## Your task
Only one stretch of the data below is needed: the line with "Anello chevalier in" through the last line. Output it exactly and drop the pictures.

## Input data
★ ★ ★ ★ ★
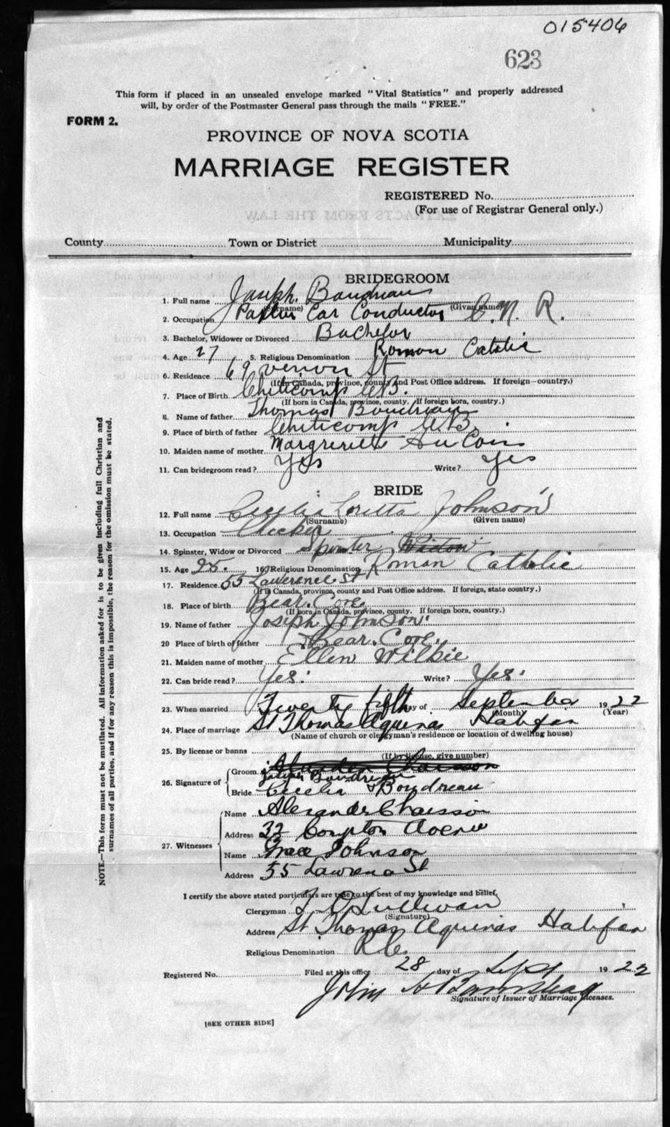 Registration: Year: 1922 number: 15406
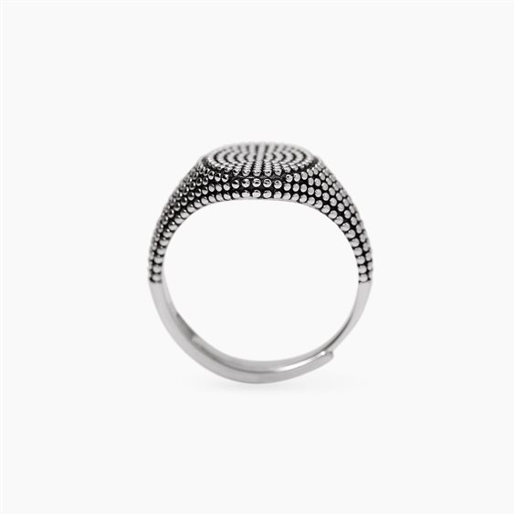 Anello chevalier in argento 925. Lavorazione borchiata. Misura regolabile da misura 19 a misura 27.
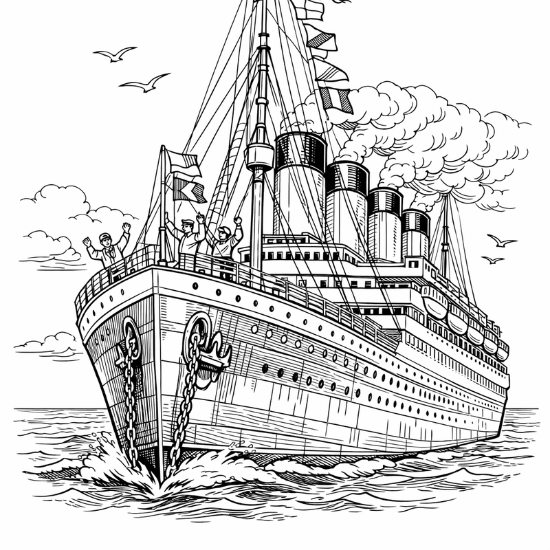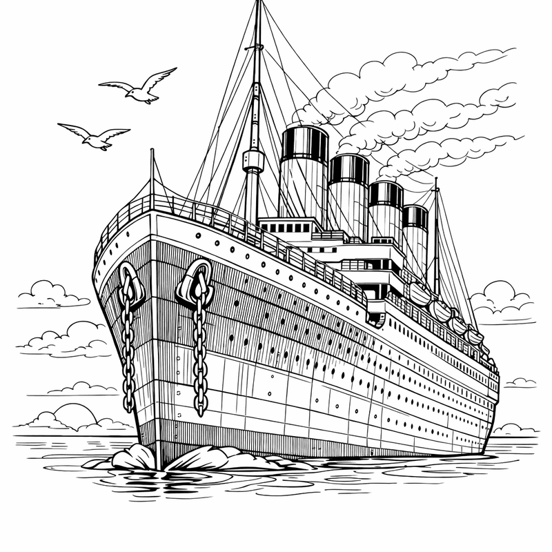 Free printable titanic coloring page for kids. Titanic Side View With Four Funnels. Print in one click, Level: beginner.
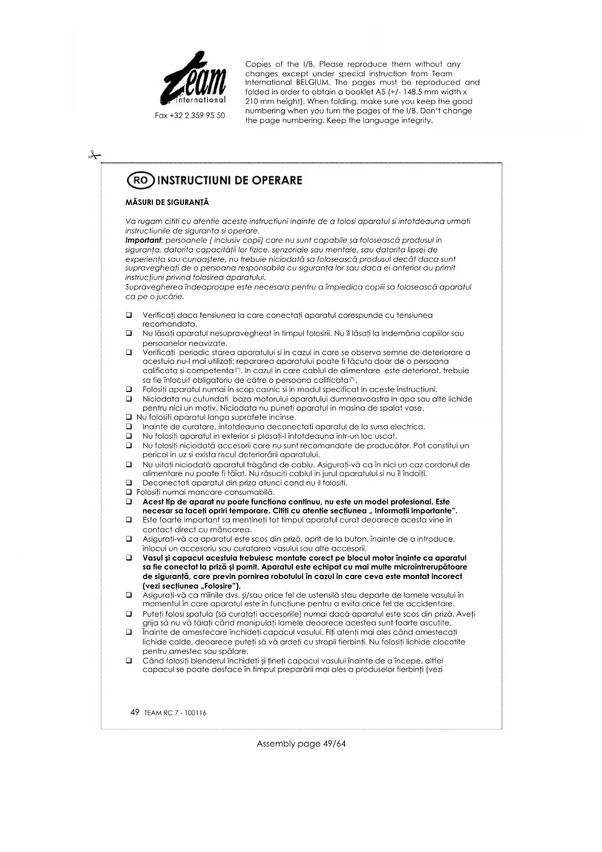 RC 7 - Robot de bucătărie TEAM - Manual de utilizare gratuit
★ ★ ★ ★ ★
## Answer space
 Anello chevalier in argento 925. Lavorazione borchiata. Misura regolabile da misura 19 a misura 27.
 Free printable titanic coloring page for kids. Titanic Side View With Four Funnels. Print in one click, Level: beginner.
 RC 7 - Robot de bucătărie TEAM - Manual de utilizare gratuit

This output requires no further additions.